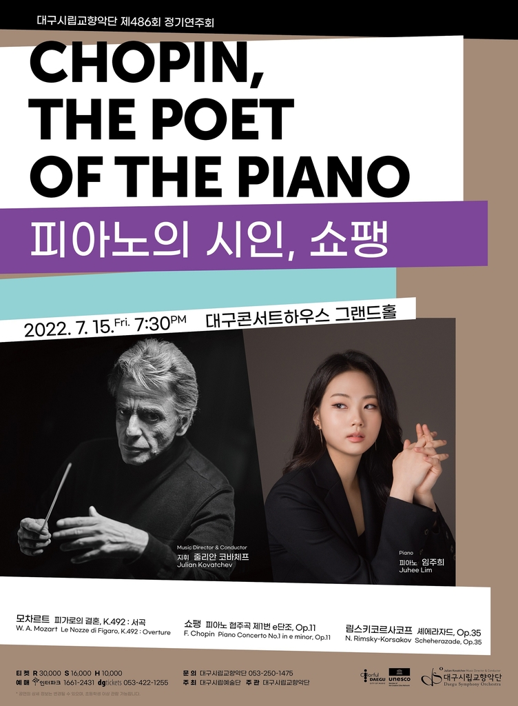 대구시향 음악감독 겸 상임지휘자 줄리안 코바체프가 지휘하고 신예 피아니스트 임주희가 협연한다.
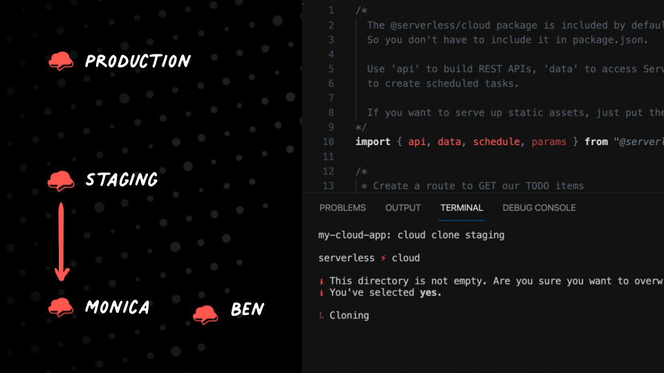 Serverless Cloud helps you develop on the cloud—fast. Install it with NPM, run the `cloud` command to create an app, and answer a few simple prompts. In seconds you're up and running with a live, auto-scaling, serverless front-end and backend.
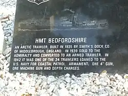 Bedfordshire was a 443-ton British trawler. On May 10, Bedfordshire and HMT Lowman were deployed from their base at Morehead City to Ocracoke Island to search for a U-boat spotted in the area. When the vessels arrived they were discovered by Captain Lieutenant Gunther Krech of U-558 who proceeded to shadow the vessels until later that night. Krech attacked after assuming he had been detected by the British ships - firing a spread of torpedoes at the Lowman but they all missed. The British then maneuvered and began dropping depth charges but these failed to destroy their target. At 5:40 in the morning on May 11, the U-boat fired a single torpedo at Bedfordshire which missed but a second hit the trawler and it quickly sank with all thirty-seven hands. Two bodies were eventually recovered by the Americans who buried the dead on Ocracoke, creating the British Cemetery there.[5][21]
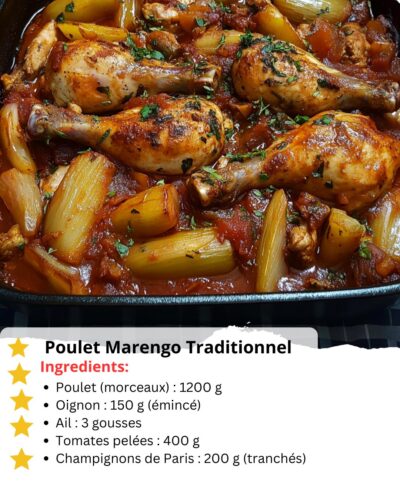 Le Poulet Marengo est une recette classique de la cuisine française, originaire du XIXe siècle, connue pour sa sauce généreuse à base de tomates, champignons et vin blanc.
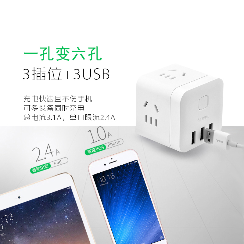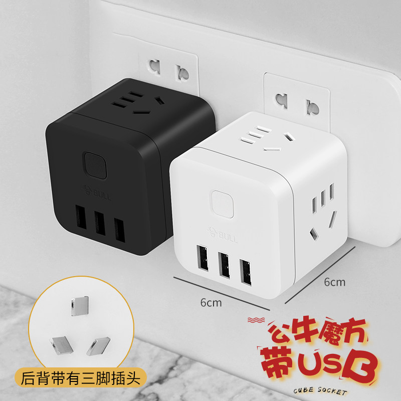 公牛插座不带线魔方转换器黑白小
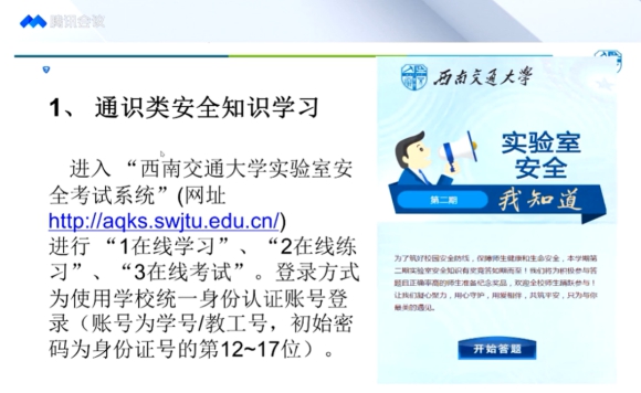 最后,赵丽平老师强调,只有通过了在线的实验室安全学习与考核,同学们才能获得实验室的准入资格。各位同学应该积极参与,认真完成学习,将实验室安全准则牢记心间,早日进入实验室,早日开始科研生涯。
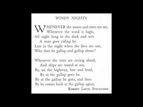 Windy Nights }}- This was a song that we sung in our school choir. I instantly fell in love with it the moment I heard it. This song was based off a poem by Robert Louis Stevenson ...
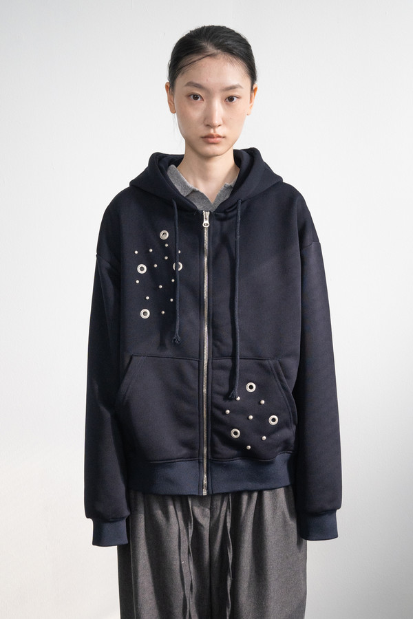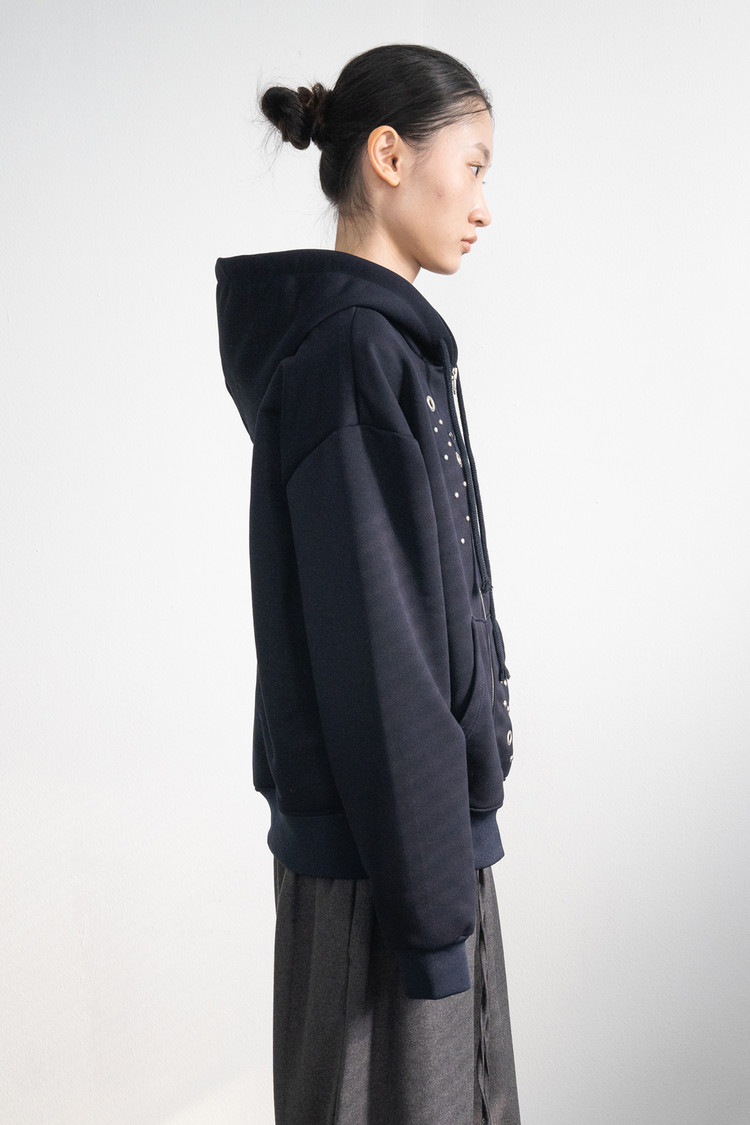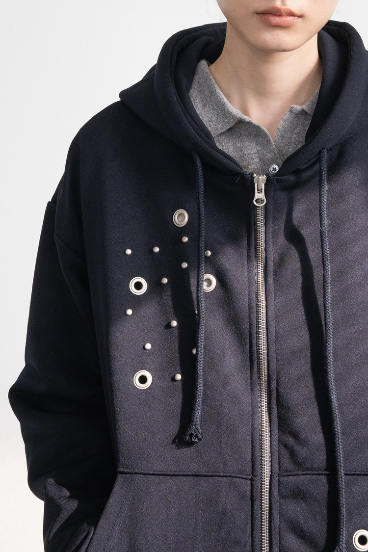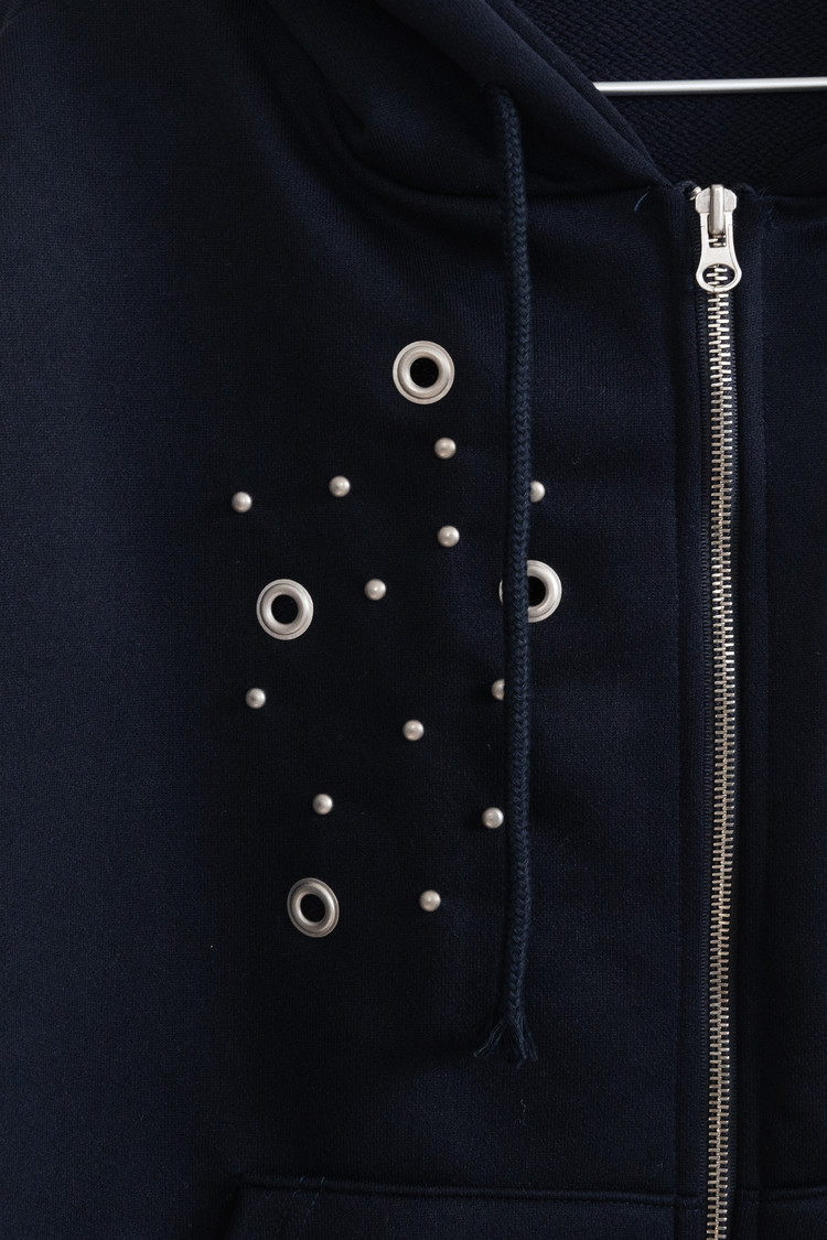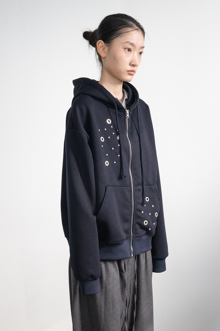 Eyelet Hood Zip-Up (Navy)
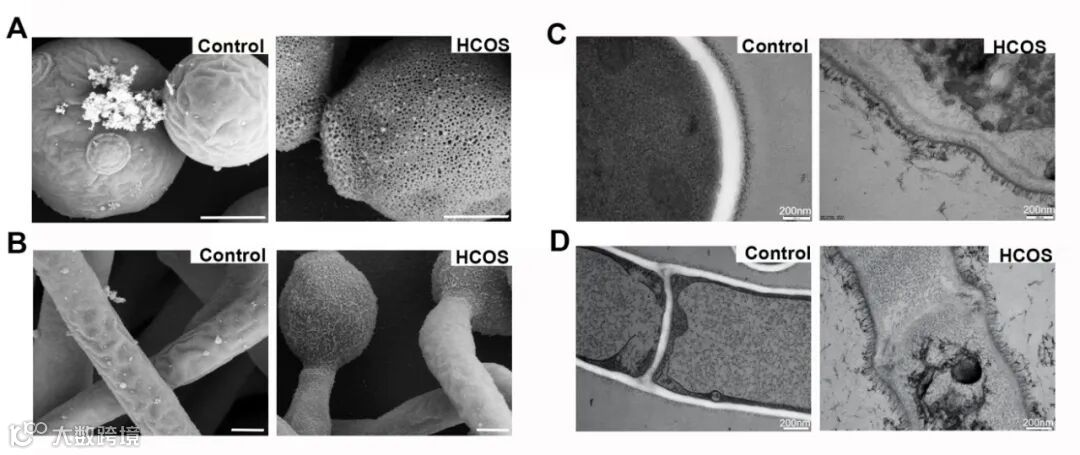 确定了HCOS靶向于白色念珠菌细胞壁后,继续通过扫描电镜和冷冻透射电镜对白色念珠菌的表面结构和细胞壁超微结构进行观察,如图3A所示,HCOS处理后,白色念珠菌表面产生密集的孔状结构,使得原本致密坚韧的细胞壁结构变得疏松多孔,细胞渗透压变化最终导致菌体死亡。图3C的超微结构也显示HCOS处理后白色念珠菌细胞壁和细胞膜的界限不清晰,原本富有弹性坚韧的细胞壁在HCOS的作用下出现皱褶,说明HCOS对白色念珠菌的细胞壁结构产生显著的破坏作用。
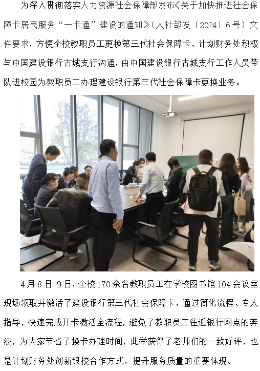 中国建设银行古城支行进公司办理第三代社会保障卡
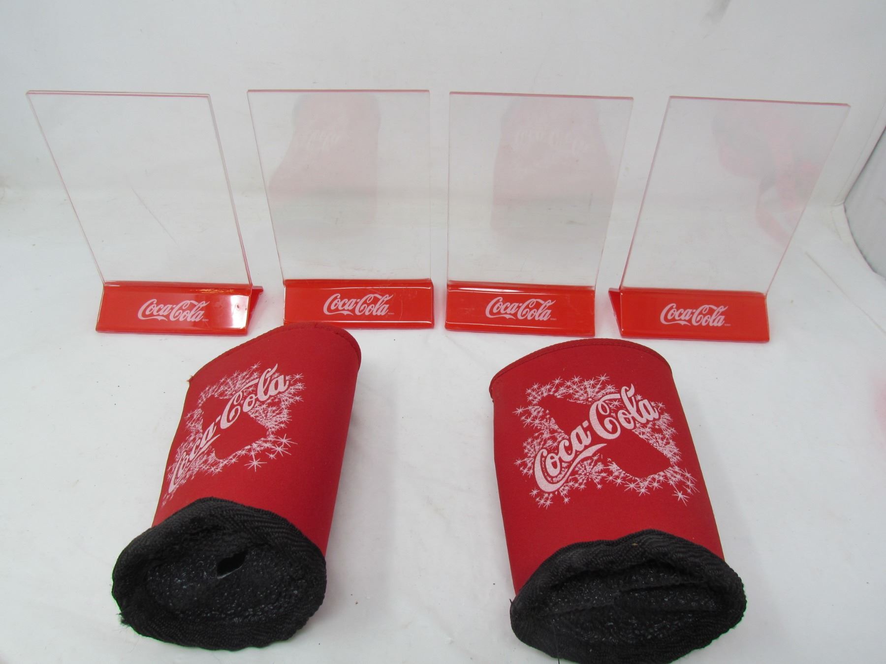 LOT OF 6 COCA-COLA ITEMS (4 X TABLETOP ADVERTISING HOLDERS) *2 X DRINK COOLERS*
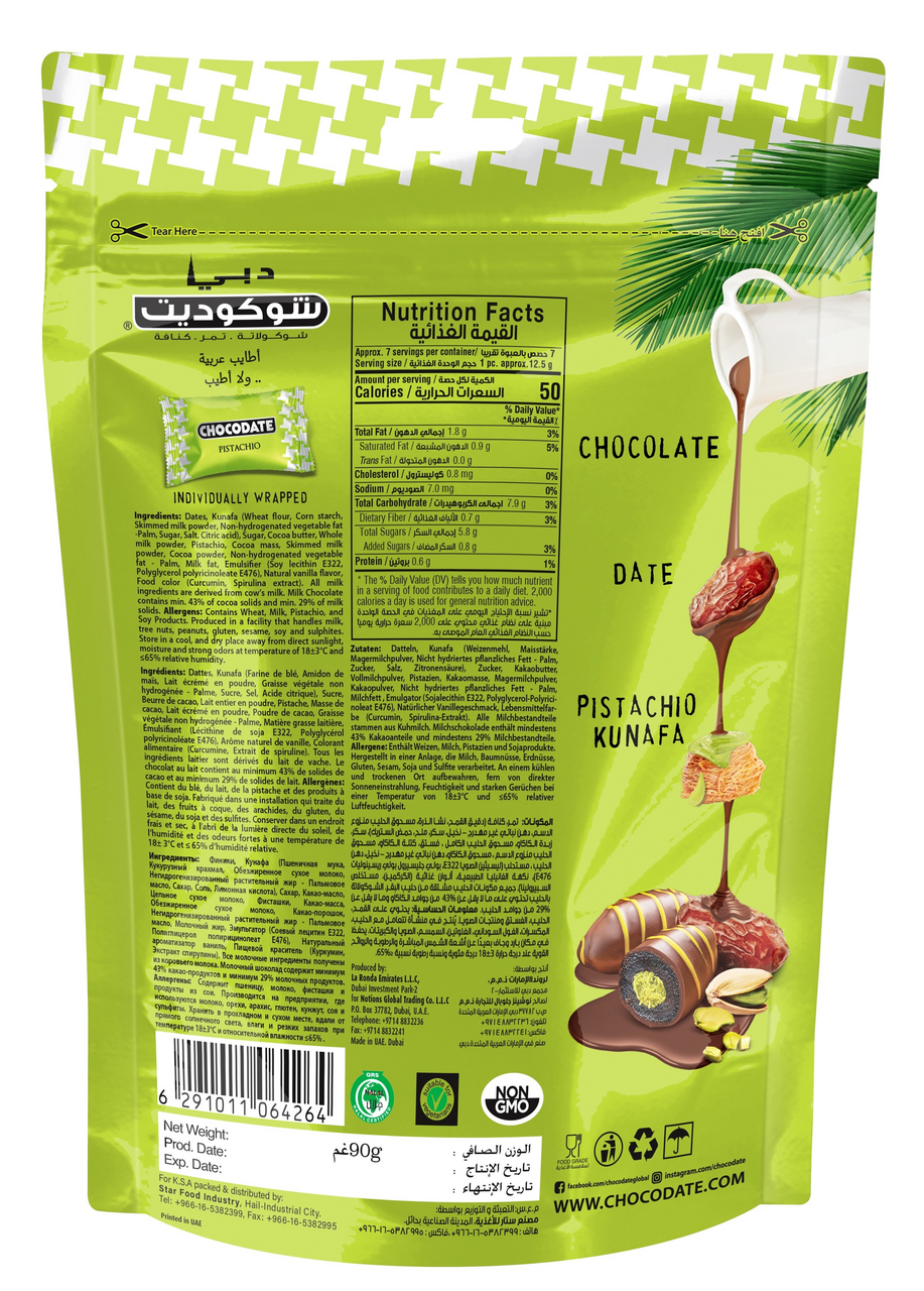 Шоколадные финики с фисташками в стиле Kunafa – роскошь восточных сладостей в одном кусочке! Погрузитесь в мир изысканных вкусов! Шоколадные финики с фисташками в стиле Kunafa - это уникальное сочетание сочного финика, отборных фисташек, нежнейшего шоколада и хрустящих нитей теста кунафа. Идеальный баланс сладости, ореховых нот и текстуры. Вегетарианский продукт, без ГМО. Откройте для себя Chocodate Pistachio Kunafa – восхитительный восточный десерт, покоряющий с первого кусочка! Роскошное сочетание: наслаждайтесь гармонией лучших ближневосточных ингредиентов: сочного финика, премиальных фисташек, бархатистого шоколада и знаменитого хрустящего теста кунафа. Сердце десерта: в основе – нежнейший финик, щедро начинённый отборными фисташками. Шоколадное великолепие: финик с фисташками покрыт слоем нежного шоколада. Хрустящий слой: рассыпчатые нити теста кунафа придают неповторимый восточный колорит и восхитительный хруст. Игра текстур и вкусов: в каждом укусе – идеальный баланс: натуральная сладость финика, насыщенный ореховый вкус фисташек, бархат шоколада и воздушный хруст кунафа. Изысканно и незабываемо! Подходит вегетарианцам | Без ГМО: Наслаждайтесь чистым вкусом качественных ингредиентов.
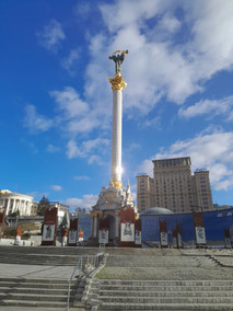 I spent part of yesterday evening walking the Independence Square, the Maidan Nezalezhnosti, and then again, this afternoon. It is difficult to imagine now, what happened here that “Winter On Fire”. The lights are bright, traffic zips through. My bus, the 114, comes through there.

» **Exercise requirements**
Exactly as they stand, set down all of the entries above, minus every picture.

» **Answer to the exercise**
 대구시향 음악감독 겸 상임지휘자 줄리안 코바체프가 지휘하고 신예 피아니스트 임주희가 협연한다.
 Serverless Cloud helps you develop on the cloud—fast. Install it with NPM, run the `cloud` command to create an app, and answer a few simple prompts. In seconds you're up and running with a live, auto-scaling, serverless front-end and backend.
 Bedfordshire was a 443-ton British trawler. On May 10, Bedfordshire and HMT Lowman were deployed from their base at Morehead City to Ocracoke Island to search for a U-boat spotted in the area. When the vessels arrived they were discovered by Captain Lieutenant Gunther Krech of U-558 who proceeded to shadow the vessels until later that night. Krech attacked after assuming he had been detected by the British ships - firing a spread of torpedoes at the Lowman but they all missed. The British then maneuvered and began dropping depth charges but these failed to destroy their target. At 5:40 in the morning on May 11, the U-boat fired a single torpedo at Bedfordshire which missed but a second hit the trawler and it quickly sank with all thirty-seven hands. Two bodies were eventually recovered by the Americans who buried the dead on Ocracoke, creating the British Cemetery there.[5][21]
 Le Poulet Marengo est une recette classique de la cuisine française, originaire du XIXe siècle, connue pour sa sauce généreuse à base de tomates, champignons et vin blanc.
 公牛插座不带线魔方转换器黑白小
 最后,赵丽平老师强调,只有通过了在线的实验室安全学习与考核,同学们才能获得实验室的准入资格。各位同学应该积极参与,认真完成学习,将实验室安全准则牢记心间,早日进入实验室,早日开始科研生涯。
 Windy Nights }}- This was a song that we sung in our school choir. I instantly fell in love with it the moment I heard it. This song was based off a poem by Robert Louis Stevenson ...
 Eyelet Hood Zip-Up (Navy)
 确定了HCOS靶向于白色念珠菌细胞壁后,继续通过扫描电镜和冷冻透射电镜对白色念珠菌的表面结构和细胞壁超微结构进行观察,如图3A所示,HCOS处理后,白色念珠菌表面产生密集的孔状结构,使得原本致密坚韧的细胞壁结构变得疏松多孔,细胞渗透压变化最终导致菌体死亡。图3C的超微结构也显示HCOS处理后白色念珠菌细胞壁和细胞膜的界限不清晰,原本富有弹性坚韧的细胞壁在HCOS的作用下出现皱褶,说明HCOS对白色念珠菌的细胞壁结构产生显著的破坏作用。
 中国建设银行古城支行进公司办理第三代社会保障卡
 LOT OF 6 COCA-COLA ITEMS (4 X TABLETOP ADVERTISING HOLDERS) *2 X DRINK COOLERS*
 Шоколадные финики с фисташками в стиле Kunafa – роскошь восточных сладостей в одном кусочке! Погрузитесь в мир изысканных вкусов! Шоколадные финики с фисташками в стиле Kunafa - это уникальное сочетание сочного финика, отборных фисташек, нежнейшего шоколада и хрустящих нитей теста кунафа. Идеальный баланс сладости, ореховых нот и текстуры. Вегетарианский продукт, без ГМО. Откройте для себя Chocodate Pistachio Kunafa – восхитительный восточный десерт, покоряющий с первого кусочка! Роскошное сочетание: наслаждайтесь гармонией лучших ближневосточных ингредиентов: сочного финика, премиальных фисташек, бархатистого шоколада и знаменитого хрустящего теста кунафа. Сердце десерта: в основе – нежнейший финик, щедро начинённый отборными фисташками. Шоколадное великолепие: финик с фисташками покрыт слоем нежного шоколада. Хрустящий слой: рассыпчатые нити теста кунафа придают неповторимый восточный колорит и восхитительный хруст. Игра текстур и вкусов: в каждом укусе – идеальный баланс: натуральная сладость финика, насыщенный ореховый вкус фисташек, бархат шоколада и воздушный хруст кунафа. Изысканно и незабываемо! Подходит вегетарианцам | Без ГМО: Наслаждайтесь чистым вкусом качественных ингредиентов.
 I spent part of yesterday evening walking the Independence Square, the Maidan Nezalezhnosti, and then again, this afternoon. It is difficult to imagine now, what happened here that “Winter On Fire”. The lights are bright, traffic zips through. My bus, the 114, comes through there.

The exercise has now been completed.